Arnaud Clément (; born 17 December 1977) is a French former professional tennis player and Davis Cup captain. Clément reached the final of the 2001 Australian Open and achieved a career-high ranking of world No. 10 in April of that year. Partnering Michaël Llodra in men's doubles, he won Wimbledon in 2007 and two Masters titles.

Life and career
Clément was born in Aix-en-Provence to Henri Clément and Maria Michel. He began to play tennis at the age of seven with his older brother Bruno, who later became his coach. His grandmother is Lebanese. He currently lives in Geneva, Switzerland.

He turned professional in 1996, and achieved his career highlight at the 2001 Australian Open, reaching the men's singles final, where he was defeated by Andre Agassi. En route, Clement defeated the then-unseeded future world No. 1, Roger Federer, and the former world No. 1, Yevgeny Kafelnikov.

While playing, he often wore a bandana and sunglasses. The sunglasses have been medically prescribed for Clement because of severe eye problems he has encountered through his life, which had nearly left him blind as a child. At only 13 months old, he was diagnosed with unilateral coloboma, meaning the condition only affects one eye, at that time Clément was only given a 40/60% chance of having healthy eyesight for the rest of his life, throughout his tennis career Clément has worn sunglasses to protect his eyes.

Clément was selected to represent one of the world's best-known and most important fashion labels, Lacoste. He was seen from May 2004 onwards in a pan-European print and TV campaign alongside the Danish pop singer Natasha Thomas. The advert was directed and shot by Bruno Aveillan.

Clément has been ranked as high as world No. 10 in singles and as high as world No. 8 in doubles, where he has often partnered with fellow Frenchmen Sébastien Grosjean and Michaël Llodra. He has won four ATP singles titles (Lyon 2000, Metz 2003, Marseille 2006, Washington 2006), and twelve doubles titles including Wimbledon.

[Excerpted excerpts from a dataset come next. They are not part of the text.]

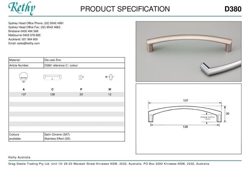 The KETHY D380 Cabinet Arched D Handle in 128mm is a sophisticated and stylish hardware accessory designed to enhance the aesthetic appeal of cabinets, drawers, and furniture pieces. Crafted with precision and attention to detail, this handle exemplifies both functionality and elegance.
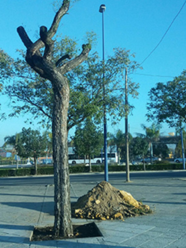 En fechas pasadas informaos de la extracción de arbolado existente (Tipuanas) para permitir la adecuada remodelación del cruce. Una vez finalizados los trabajos, el Ayuntamiento de Sevilla vuelve a reponer los mismo arboles extraídos. Este tipo de recuperaciones y reutilizaciones del mismo arbolado son positivas. No siempre se puede hacer.
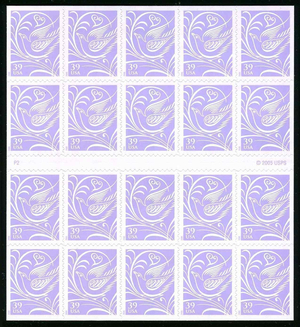 Dove Wedding Pane of Twenty 39 Cent Postage Stamps Scott 3998
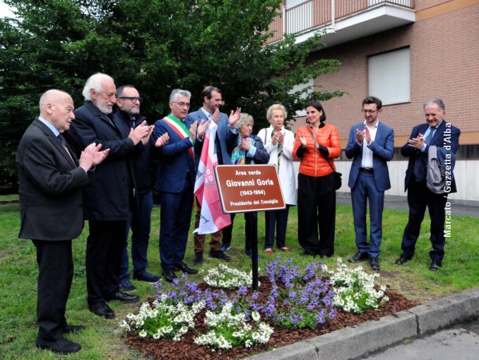 ALBA «Giovanni Goria è stato tra i più giovani Presidenti del Consiglio, nominato a soli 44 anni, ed è purtroppo scomparso a 50 anni, troppo presto. Un politico lungimirante che si è battuto per tematiche ancora attuali, la riduzione del debito pubblico, l’ammodernamento delle infrastrutture, la riduzione dell’assistenzialismo dello Stato, e che ha sempre cercato di investire sui giovani, anche svecchiando la politica. Lo ricordiamo tutti per il risultato elettorale straordinario in Europa, con oltre 640 mila preferenze e, qui ad Alba, per l’importante riforma delle Doc nel 1992», con queste parole il sindaco Carlo Bo ha ricordato il politico astigiano nel corso della cerimonia con cui la Città di Alba ha dedicato i giardini in corso Europa, tra via Padre Girotti e via San Pio V, di fronte alla scuola primaria Montessori e a fianco all’area dove si svolge il mercato rionale del venerdì.
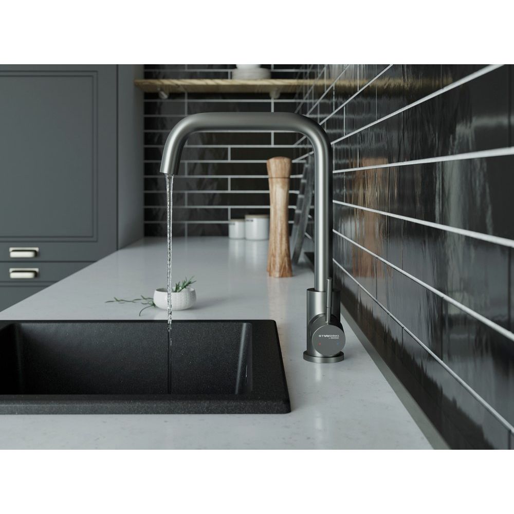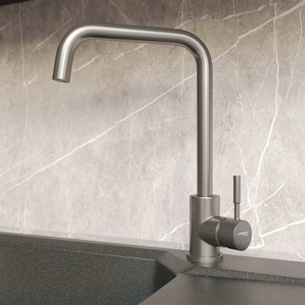 Смеситель для кухни STWORKI HSTW07100 в цвете никель — это не только функциональность для повседневного использования, но и стильный элемент интерьера. Изготовленный из высококачественной нержавеющей стали, он безупречно справляется с задачей в агрессивной кухонной среде: не поддается коррозии и легко переносит перепады температур. Особая L-образная форма и поворотный излив высотой 25 см делают мытье габаритной посуды гораздо проще. А благодаря керамическому картриджу Damixa в вашем распоряжении всегда будет стабильный и мощный напор воды.
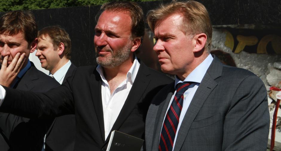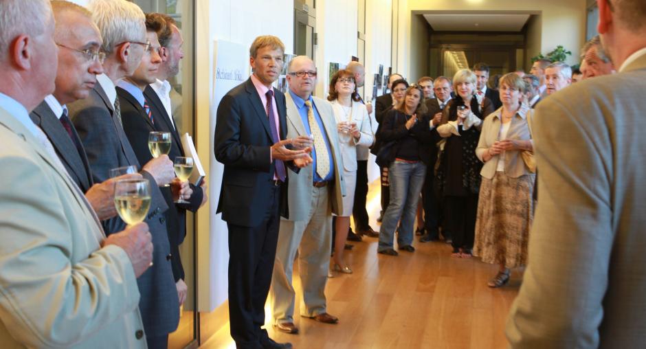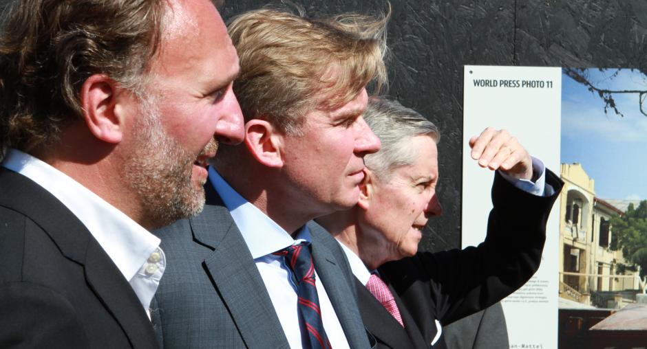 The OSCE Chairperson-in-Office, Lithuanian Foreign Minister Audronius Ažubalis (c) with World Press Photo Co-ordinator Micha Bruinvels (l), Vilnius, 6 June 2011. (OSCE/Jonathan Perfect)

Throughout his career, he has beaten top players such as Andre Agassi, Pat Rafter, Carlos Moyá and more recently Roger Federer, Rafael Nadal and Novak Djokovic.

Until 2010, Clément held the record for the longest match in the history of the Open Era. At Roland Garros 2004, Fabrice Santoro defeated Clément 6–4, 6–3, 6–7, 3–6, 16–14 in six hours and 33 minutes. John Isner and Nicolas Mahut would eventually beat this record six years later at Wimbledon.

In March 2006, Clément ended his two and a half-year period of not winning an ATP singles title by capturing the Marseille Open, defeating world No. 2, Rafael Nadal, in the semifinals and Mario Ančić in the finals. In August 2006, Clément won his first ATP title in the United States, defeating Murray in straight sets in the final of the Legg Mason Tennis Classic.

In July 2007, Arnaud Clément and Michaël Llodra won the men's double title at Wimbledon, beating world No. 1 and top seeds defending champions, Bob and Mike Bryan, thus winning his first Grand Slam doubles title (Llodra had won two previous titles with Fabrice Santoro, making it his third Grand Slam title). He and Llodra were ecstatic, and celebrated by throwing their shirts, rackets, and towels into the crowd.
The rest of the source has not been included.